Equipment
Ingredients
Tomato Infusion
- 1130 g plum tomatoes, coarsely chopped
- 1 lemongrass, peeled and coarsely chopped
- 60 ml vodka
Vegetable Mixture
- 2 cucumber, peeled and chopped
- 2 green pepper, seeded, cored and chopped
- 4 tomatillos, chopped
- 30 ml white wine vinegar
- 15 ml sherry vinegar
- 15 ml lemon juice
- 13 g sugar
- fine sea salt, to taste
- black pepper, to taste
Herb & Avocado Blend
- ½ avocado
- 1 chives, small bunch, about 10g
- 1 cilantro, small bunch, about 10g
- 1 parsley, small bunch, about 10g
- 1 scallion, trimmed
Nutrition (per serving)
Method
The day before serving, combine the plum tomatoes, lemongrass, and vodka (if using) in a blender. Puree until completely smooth. Strain the mixture through a sieve lined with cheesecloth (or several layers of paper towels) set over a bowl. Refrigerate the strained tomato liquid overnight, allowing the solids to drain completely. Discard the tomato pulp.

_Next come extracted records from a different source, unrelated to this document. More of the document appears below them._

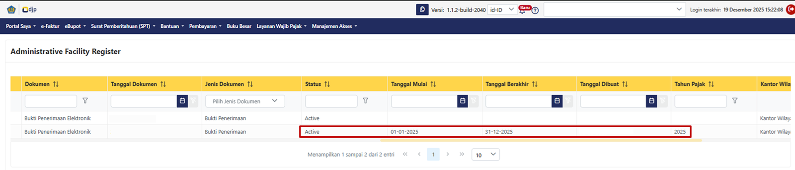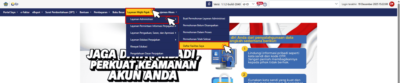 Klik Tombol Layanan Wajib Pajak-->Layanan Administrasi -->Daftar Fasilitas Saya
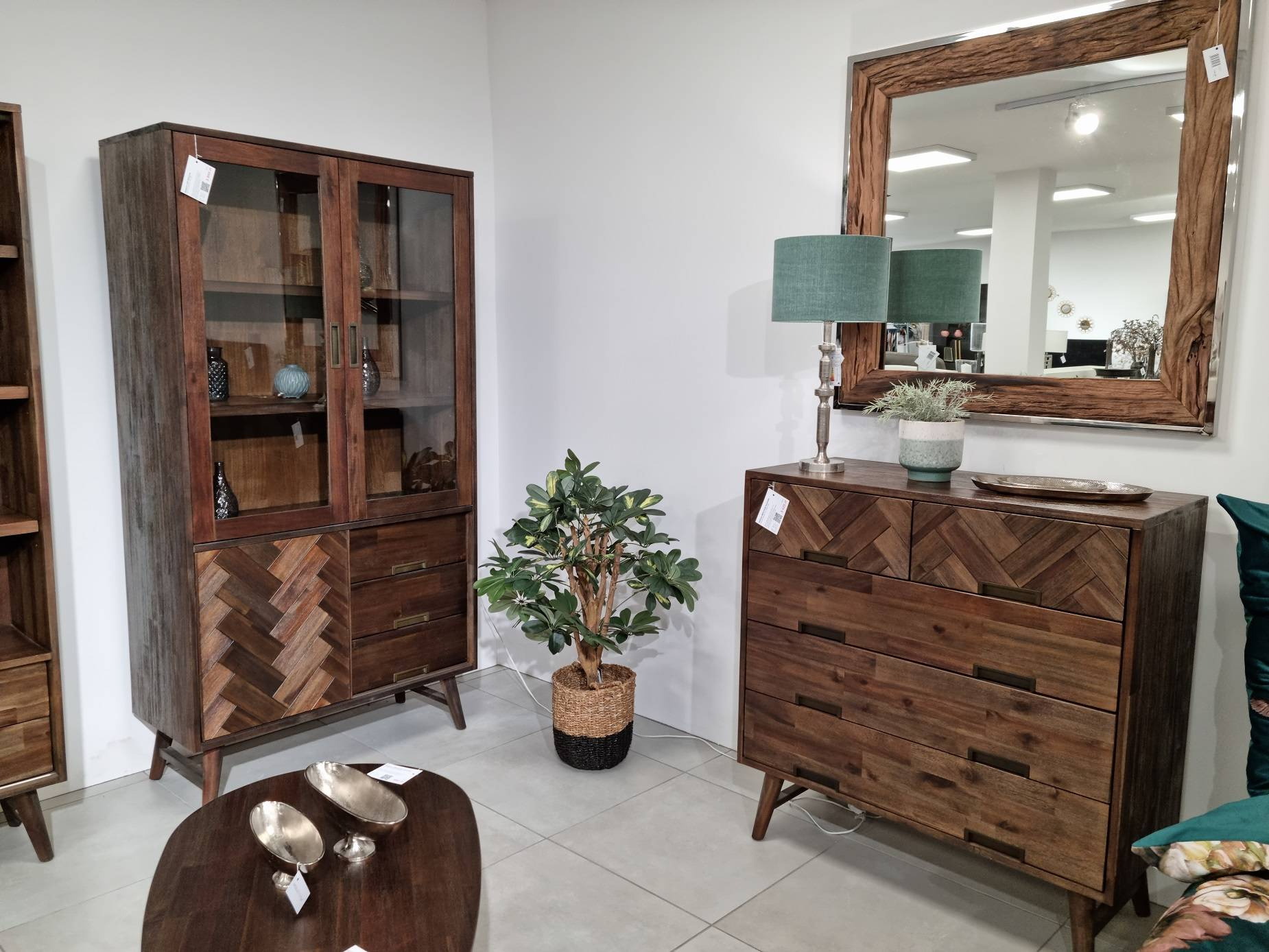 Jeżeli jesteś miłośnikiem łączenia form, nietuzinkowego designu i solidnych, drewnianych mebli - meble z kolekcji Ashton stworzone zostały dla Ciebie. Piękna i okazała komoda z sześcioma szufladami i ciekawie zaprojektowanymi frontami skutecznie wypełni Twoje wnętrze stylem i elegancją. Fronty dwóch górnych szuflad ozdobione są modną dla stylu retro oraz vintage intarsją. Geometryczne metalowe okucia nie odwracają uwagi od całości bryły, ale dodają ciekawy akcent całej konstrukcji. Tak samo, jak charakterystyczne dla tej kolekcji drewniane, proste, smukłe nóżki łączone dodatkową poziomą belką, podkreślające oldschoolowy design i solidność formy. Komoda dzięki barwie głębokiego brązu doskonale prezentuje się w jasnych lub surowych wnętrzach. Fantazyjnie łączy się ze wzorzystymi tapetami i naturalną zielenią kwiatów doniczkowych. Wzbogać swoje wnętrza meblami świadczącymi o Twoim wyrafinowanym guście i twórz piękne, przytulne przestrzenie.
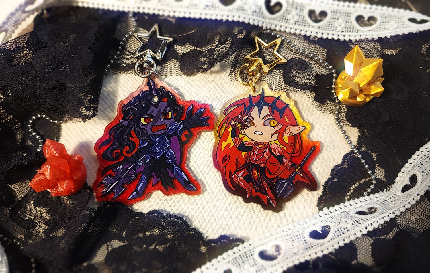 3'' acrylic charms featuring Melkor Bauglir (Morgoth) and Mairon (Sauron)
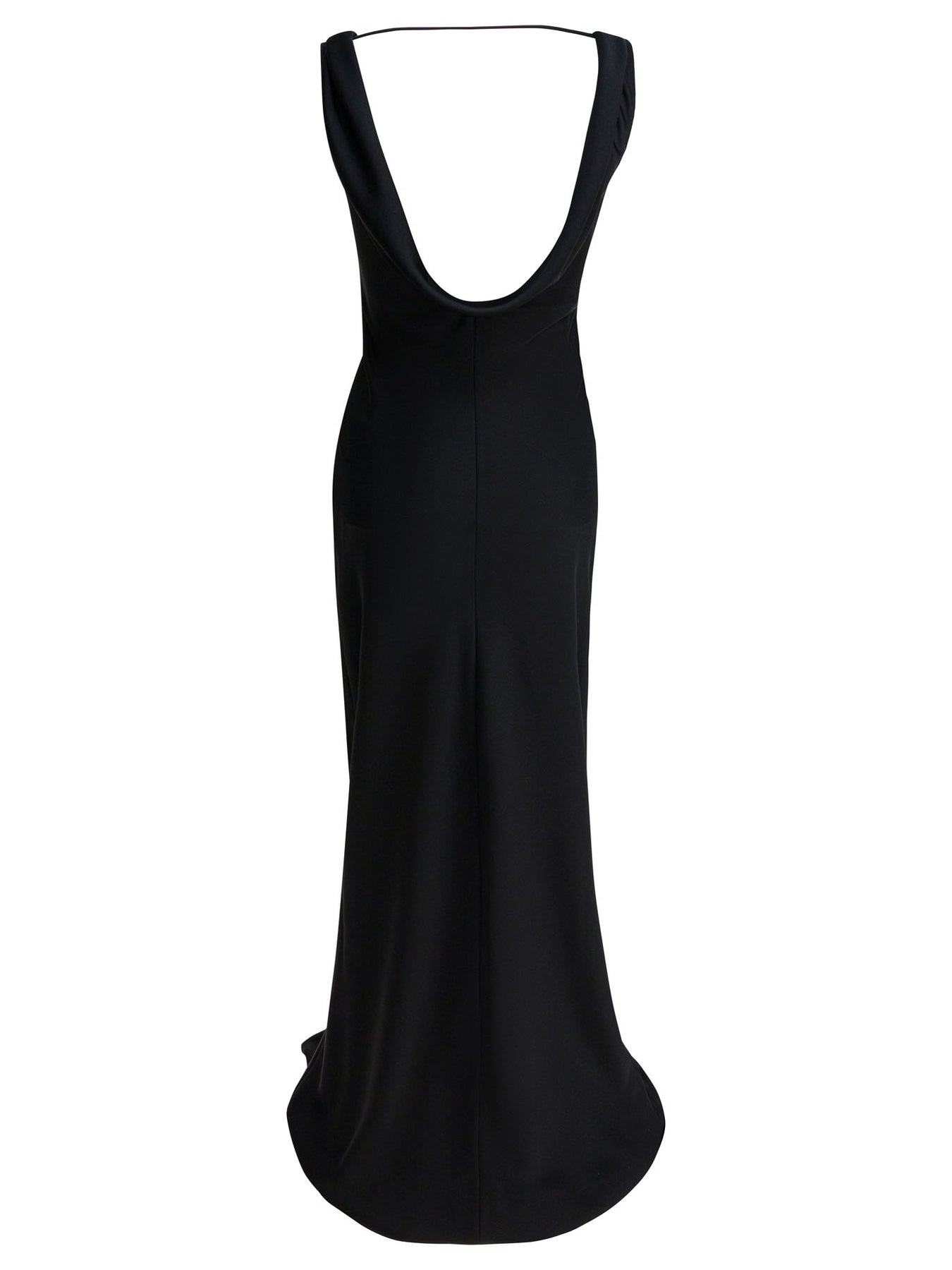 Semper long, flared dress made of synthetic fabric. The construction features an elongated silhouette with a flared line to the bottom. The main body features a concealed side zipper closure, while the back profile incorporates a soft drop at the back. The cut appears sleeveless and follows a linear structure with attention to functional details. || - Solid color - Flared dress - Sleeveless - Concealed side zipper closure - Soft back drop - Regular fit

In a glass or ceramic bowl, combine the chopped cucumbers, green bell peppers, tomatillos, white wine vinegar, sherry vinegar, lemon juice, and sugar. Season generously with salt and pepper. Cover and refrigerate this mixture overnight to allow the flavors to meld and the vegetables to soften slightly.
In a large bowl, combine the marinated vegetables, reserved tomato liquid, avocado, chives, cilantro, parsley, and scallions. Blend until smooth, using an immersion blender or transferring to a regular blender in batches as needed. Season to taste with additional salt, pepper, and vinegar if desired.

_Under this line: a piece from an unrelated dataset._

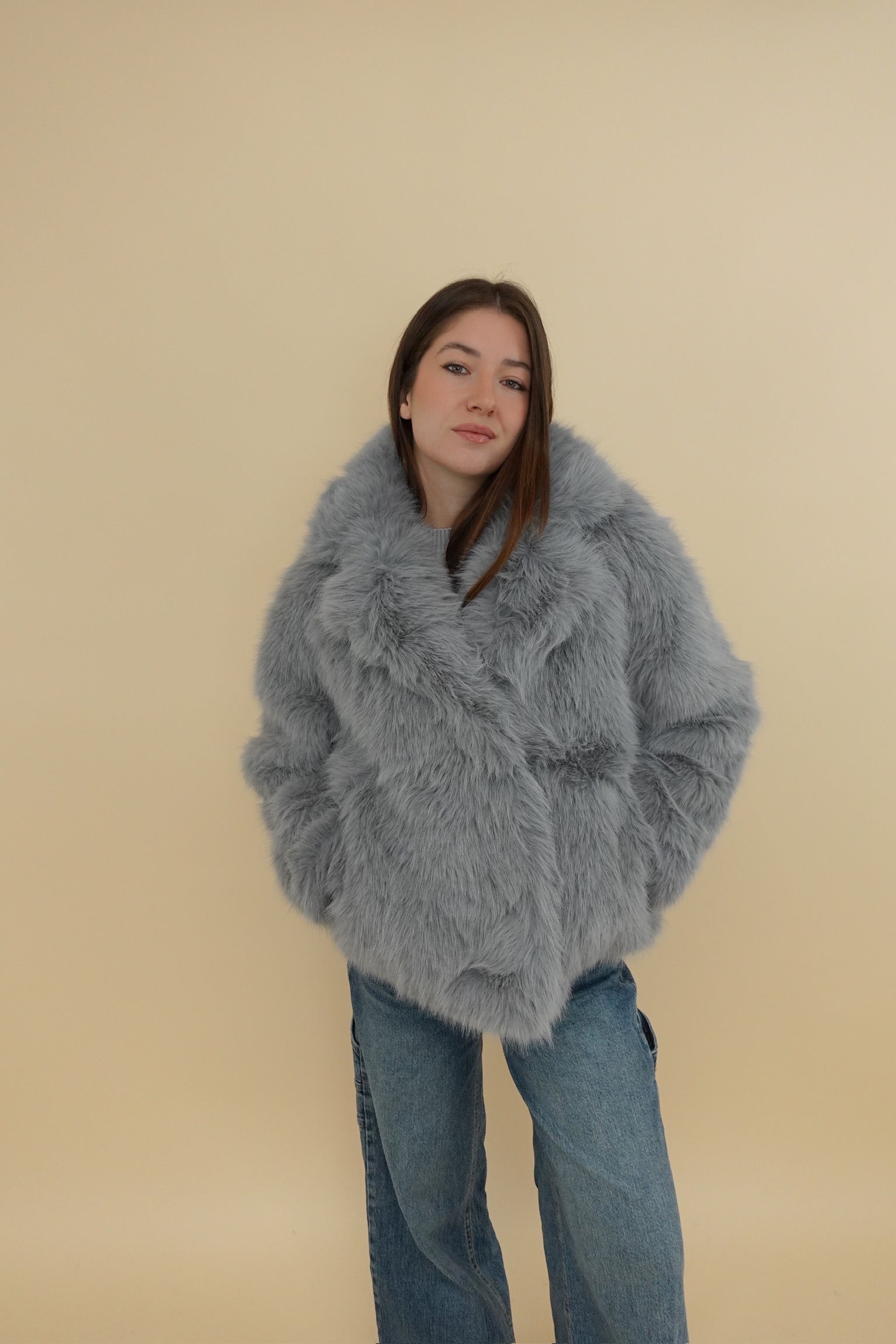 Pelliccia over con chiusura con bottoni e tasche laterali

Serve the gazpacho very cold. Garnish with a drizzle of extra virgin olive oil and a sprinkle of fresh herbs (optional).
Chef's Notes
- Use the ripest, most flavorful ingredients for the best results.
- Adjust the amount of vinegar and sugar to your taste.
- For the most vibrant color, use the gazpacho immediately after blending. If making ahead, add the avocado just before serving to prevent oxidation.
- For a more authentic Spanish flavor, add a small piece of stale bread (crust removed) soaked in water to the blender. The bread also thickens.
Storage
Refrigerator: 3 days — Store in an airtight container.
Reheating: Serve chilled. Do not reheat.